Fibroblas melakukan sintesis kolagen dan mukopolisakarida.
d. Fase Maturasi (durasi 24-365 hari)

Dalam setiap cedera yang mengakibatkan hilangnya kulit, sel epitel pada pinggir luka dan
sisa- sisa folikel membelah dan mulai berimigrasi di atas jaringan granulasi baru.

7. Tipe Penyembuhan Luka

Menurut Moya, Morison (2003) proses penyembuhan luka akan melalui


beberapa intensi penyembuhan, antara lain:
a. Penyembuhan Melalui Intensi Pertama (Primary Intention) Luka terjadi dengan
pengrusakan jaringan yang minimum, dibuat secara aseptic, penutupan terjadi dengan baik,
jaringan granulasi tidak tampak, dan pembentukan jaringan parut minimal.

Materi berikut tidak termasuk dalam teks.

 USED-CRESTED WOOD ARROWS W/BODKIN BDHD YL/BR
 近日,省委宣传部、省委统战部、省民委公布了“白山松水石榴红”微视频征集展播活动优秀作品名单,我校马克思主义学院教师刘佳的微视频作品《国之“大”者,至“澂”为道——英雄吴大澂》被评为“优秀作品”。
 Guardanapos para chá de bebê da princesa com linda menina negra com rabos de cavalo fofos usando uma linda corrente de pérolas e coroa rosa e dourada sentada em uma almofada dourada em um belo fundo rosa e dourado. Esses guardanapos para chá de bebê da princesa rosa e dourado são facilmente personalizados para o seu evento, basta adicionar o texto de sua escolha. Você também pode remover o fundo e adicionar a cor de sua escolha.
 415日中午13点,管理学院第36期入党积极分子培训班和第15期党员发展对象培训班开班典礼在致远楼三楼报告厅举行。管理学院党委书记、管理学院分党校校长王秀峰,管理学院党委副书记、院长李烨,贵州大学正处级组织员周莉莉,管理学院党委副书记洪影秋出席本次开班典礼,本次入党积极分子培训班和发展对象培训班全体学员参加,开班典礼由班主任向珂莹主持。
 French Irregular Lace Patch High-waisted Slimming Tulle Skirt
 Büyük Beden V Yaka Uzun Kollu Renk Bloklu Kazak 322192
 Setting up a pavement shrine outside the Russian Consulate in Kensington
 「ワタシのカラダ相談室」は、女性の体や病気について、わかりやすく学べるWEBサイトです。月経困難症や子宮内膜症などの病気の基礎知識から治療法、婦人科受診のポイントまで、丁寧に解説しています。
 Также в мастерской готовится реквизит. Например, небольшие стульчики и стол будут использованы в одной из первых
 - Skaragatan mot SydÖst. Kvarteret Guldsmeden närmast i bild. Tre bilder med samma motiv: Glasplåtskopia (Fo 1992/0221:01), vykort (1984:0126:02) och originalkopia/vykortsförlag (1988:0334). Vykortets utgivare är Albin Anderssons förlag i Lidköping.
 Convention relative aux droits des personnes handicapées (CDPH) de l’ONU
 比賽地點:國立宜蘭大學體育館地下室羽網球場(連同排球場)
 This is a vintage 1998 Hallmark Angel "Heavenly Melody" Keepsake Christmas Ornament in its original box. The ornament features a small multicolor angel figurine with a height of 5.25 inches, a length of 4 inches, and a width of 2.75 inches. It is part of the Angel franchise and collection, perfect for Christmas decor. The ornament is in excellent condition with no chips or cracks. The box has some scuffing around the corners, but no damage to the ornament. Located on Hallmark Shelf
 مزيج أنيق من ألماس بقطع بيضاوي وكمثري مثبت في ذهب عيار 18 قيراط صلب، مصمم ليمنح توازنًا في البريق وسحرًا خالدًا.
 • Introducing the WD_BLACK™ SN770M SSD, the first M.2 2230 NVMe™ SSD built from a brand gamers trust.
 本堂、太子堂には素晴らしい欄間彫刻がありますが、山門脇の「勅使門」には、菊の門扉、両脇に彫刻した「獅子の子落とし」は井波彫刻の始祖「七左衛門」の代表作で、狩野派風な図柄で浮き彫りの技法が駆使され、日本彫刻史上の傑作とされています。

b. Penyembuhan Melalui Intensi Kedua (Granulasi )


Pada luka terjadi pembentukan pus atau tepi luka tidak saling merapat, proses
penyembuhannya membutuhkan waktu yang lama.

c. Melalui Intensi Ketiga (Secondary Suture)


Terjadi pada luka yang dalam yang belum dijahit atau terlepas dan kemudian dijahit kembali,
dua permukaan granulasi yang berlawanan disambungkan sehingga akan membentuk
jaringan parut yang lebih dalam dan luas.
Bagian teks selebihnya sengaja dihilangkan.